### [Data records]
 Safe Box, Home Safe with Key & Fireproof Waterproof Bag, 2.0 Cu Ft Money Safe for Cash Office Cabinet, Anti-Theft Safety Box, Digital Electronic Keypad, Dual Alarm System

--

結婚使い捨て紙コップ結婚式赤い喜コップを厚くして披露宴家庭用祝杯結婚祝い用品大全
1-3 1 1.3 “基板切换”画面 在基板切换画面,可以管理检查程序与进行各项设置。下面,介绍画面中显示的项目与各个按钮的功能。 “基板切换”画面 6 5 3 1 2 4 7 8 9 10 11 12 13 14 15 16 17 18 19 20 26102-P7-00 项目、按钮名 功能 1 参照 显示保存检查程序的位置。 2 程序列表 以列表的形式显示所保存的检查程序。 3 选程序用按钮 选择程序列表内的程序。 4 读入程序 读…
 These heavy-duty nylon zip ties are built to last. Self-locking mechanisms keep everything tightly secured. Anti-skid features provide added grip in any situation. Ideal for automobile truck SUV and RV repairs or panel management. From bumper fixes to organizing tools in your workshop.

==

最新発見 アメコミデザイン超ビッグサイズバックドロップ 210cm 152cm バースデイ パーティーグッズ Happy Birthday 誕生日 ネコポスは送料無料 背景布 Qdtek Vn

### [What is expected]
What is needed is the number of lines in the data that contain "Anti", given with nothing else.

### [Your solution]
2